The drama revolving around the Karnataka state elections refuses to fade away. The assembly election results were not able to provide a clear mandate to any party. The BJP emerged as the single largest party but popular rivals Congress and JD-S forged an alliance within hours of the announcement of the result after realising that the coalition will have the numbers to form the government.
This paved the way for the controversy about who should first be invited by the Governor: the party with the largest number of seats or the post-election alliance with majority seats. The Governor sided with the BJP, and BS Yeddyurappa was sworn in as the Chief Minister. But this decision was challenged by the Congress and petitions were filed in the Supreme Court. The Court ordered a floor test but Yeddyurappa resigned before this could be conducted.
Amidst all this chaos and despite the final verdict, BJP has emerged as a clear winner. Its vote share increased from 19.9 percent to 36.2 percent, and the party was able to up its tally by almost 64 seats and gained the much-needed momentum for the 2019 Lok Sabha polls.
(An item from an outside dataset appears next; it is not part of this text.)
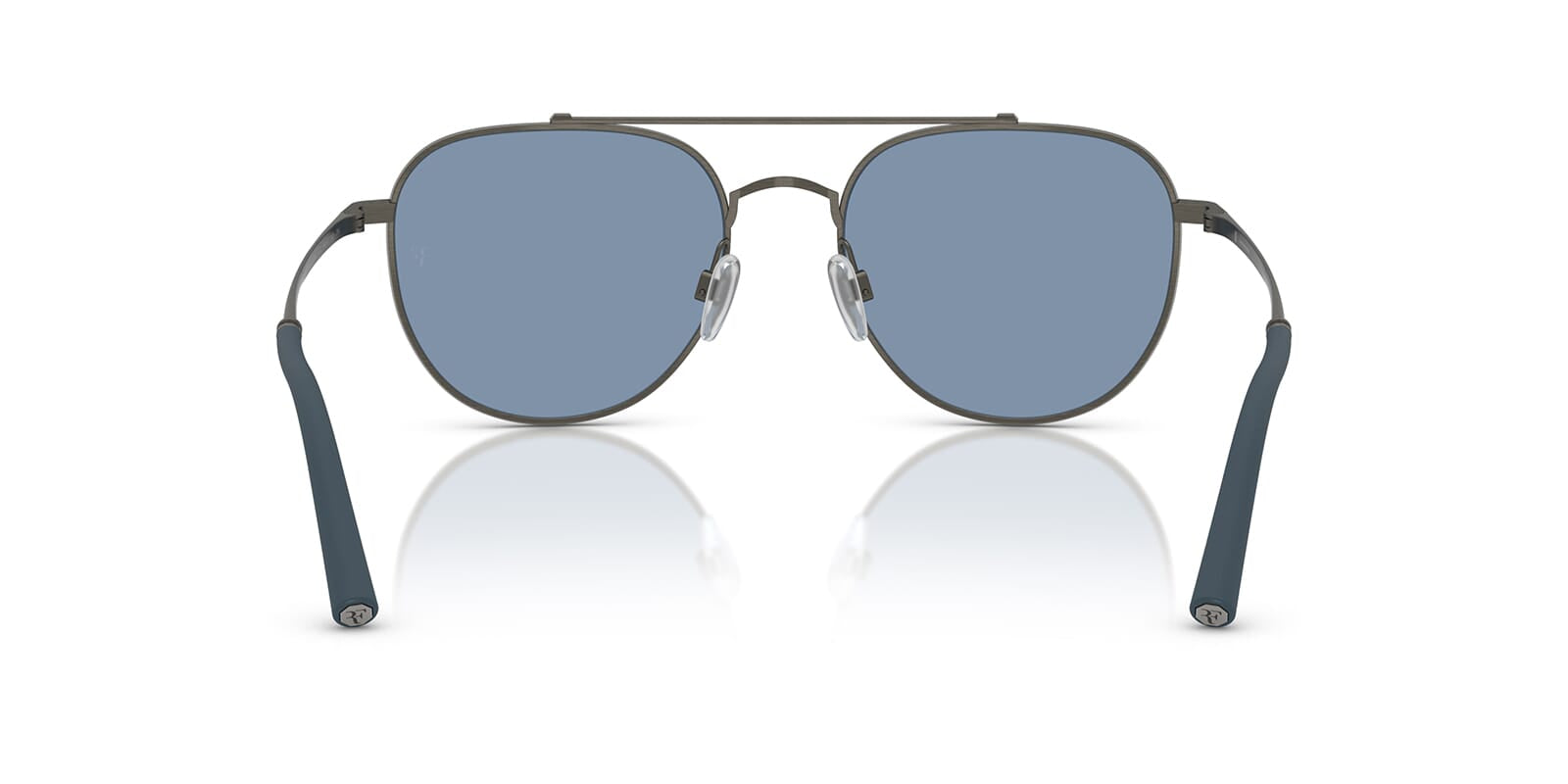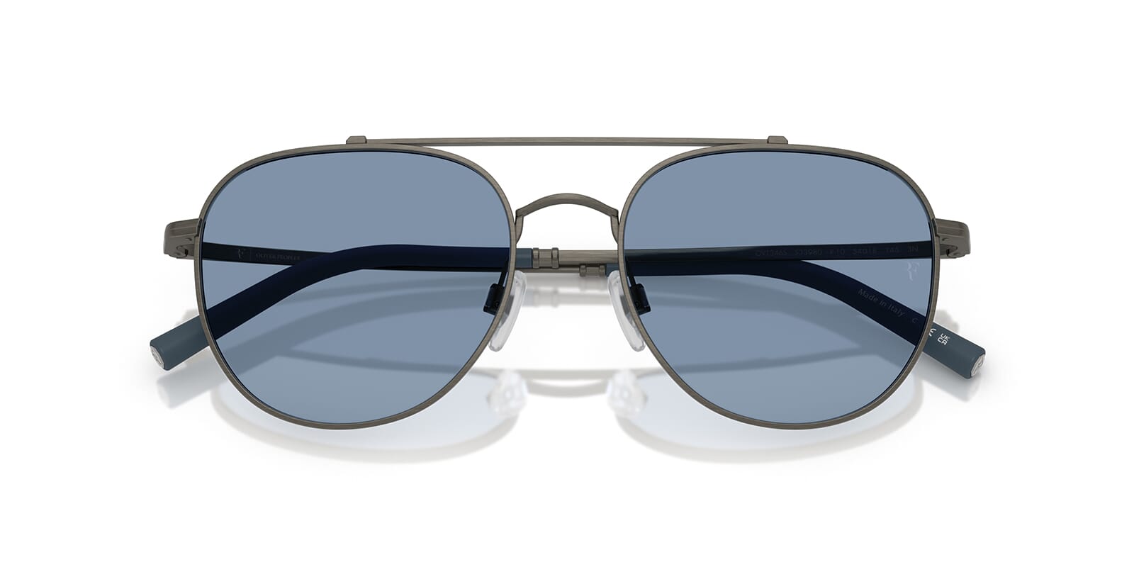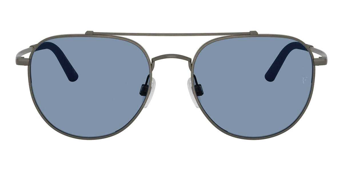 This aviator Oliver Peoples sunglass comes in a pewter frame with marine lenses.
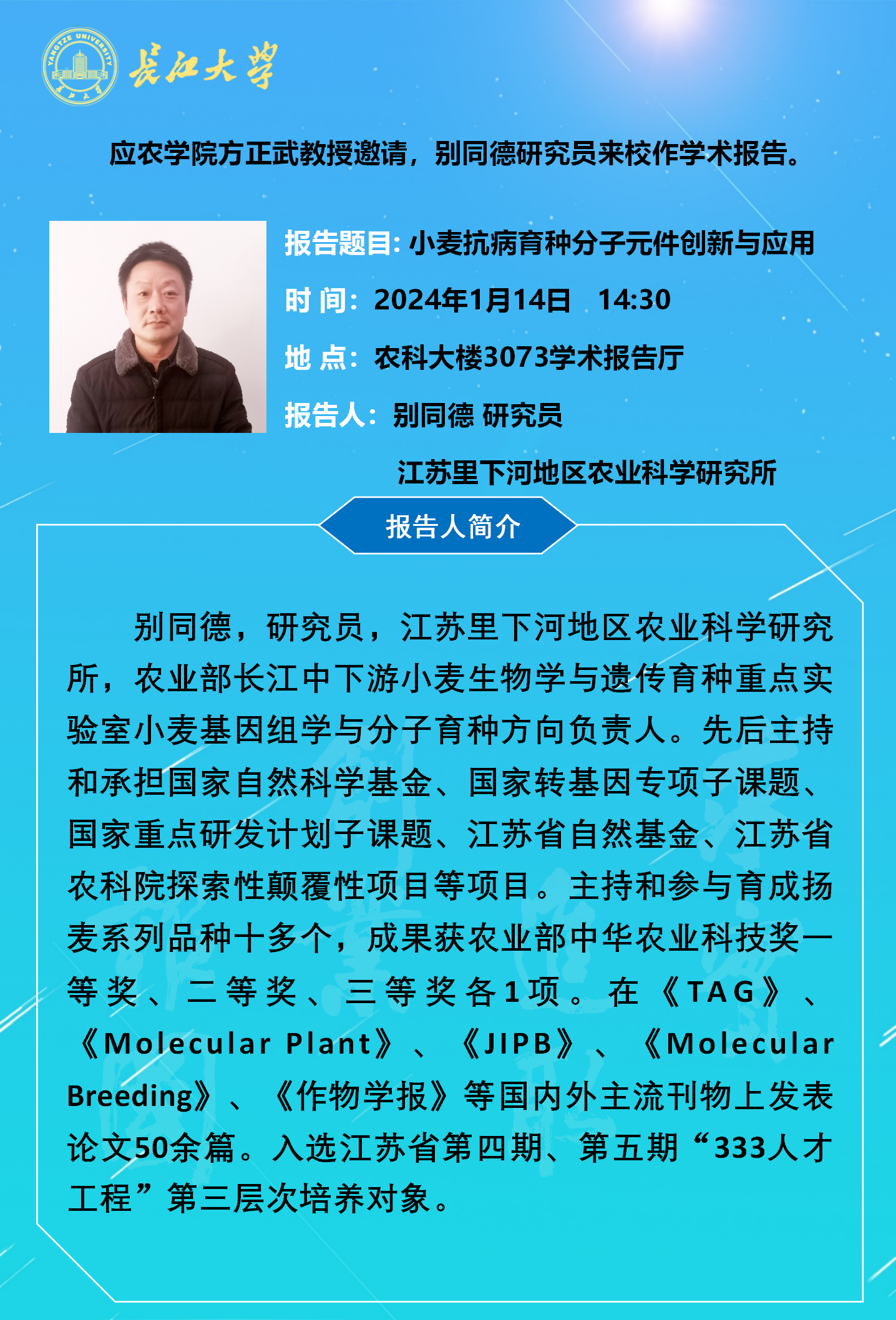 2024年学术报告(五):小麦抗病育种分子元件创新与运用

On the other hand, Congress and JD-S both have suffered losses in the number of seats - that of the Congress going down from 122 to 78 and the JD-S securing three less than the 37 seats it had in the outgoing house.
One of the biggest questions that emerge from these results is what went wrong for Congress or to put it in other words, how was the BJP able to swing public support in its favour? Was the electorate just living up to its reputation of not re-electing the ruling party since 1985 or was it the way parties conducted their election campaigns? The search for the answer leads us to the bigger question of what makes Indian voters tick.
An analysis of the electoral outcome provides the answer. The analysis predicted that Congress party has just 18 percent chance of coming back to power in Karnataka. It took into account a) average growth in per capita GSDP for the last three years, b) the average change in Social Progress scores for the last three years, c) consumer and business confidence and d) media presence to understand the voting dynamics of world’s largest democracy.
The growth in per capita GSDP and change in regional social progress reflect how the economic and social benefits accrued to the citizens due to the policies of the state government.
Consumer confidence and business confidence captured the trust that people have in the central government. The last indicator captured the interest enjoyed by the political parties.
There are three things that shape up the voting behaviour in India.
First, social issues. The analysis brings out that while casting their vote, people keep in mind two major social issues - inclusion and wellbeing. Inclusion encompasses indicators that capture how acceptable a region is towards minorities and other socially backward groups, and how they treat women. An inclusive incumbent increases its chances of coming back to power by 3.6 percent. And if the voters feel that the party will work towards basic wellbeings such as healthcare and education, its chances move up by 2.1 percent.
The BJP was able to target both issues. The BJP rallies focussed on the pro-poor initiatives and welfare schemes. The issues included providing gas connections, electrifying rural India, Swachh Bharat Mission for an open defecation free country, health benefits, housing for the poor and financial inclusion et al.
Second, media interactions. Media is among the major factors that help voters form their opinion and affects voter’s perception of the leaders and political parties. According to the analysis, an incumbent’s chances of re-election increase by 28 percent if it enjoys more social media interest than the rival parties. The interactions on media are of high significance because it provides voters with the facts and figures that can help them to make informed choices.
Nowadays, apart from traditional sources of media, social media platforms are being leveraged by the political parties to interact with voters. Citizens also use social media platforms such as Twitter and Facebook to participate in political discussions and communicate with leaders. The right use of social media can help political parties swing public opinion in their favour.
Although all the parties upped their social media game compared to the Gujarat elections, data shows that 51 percent of the tweets were in favour of BJP. The Google trends data also shows that the interest was in favour of BJP and not the incumbent.
Third, confidence in the party. The analysis predicted that if the citizens trust the central government and the same party rules the state then the chances of an incumbent getting re-elected increase by 9 percent. The BJP banked on Prime Minister Narendra Modi’s popularity to attract voters in Karnataka. Modi is known for connecting with the voters, and therefore he enjoys overwhelming support from the citizens. Congress President Rahul Gandhi has still not been able to build that trust in the minds of voters, and this drives down the confidence that party has in the party.
All these factors together worked in favour of BJP. The lesson in the run-up to other state elections is that parties should bank on the social issues that people face and leverage traditional and modern media platforms to garner interest in their favour.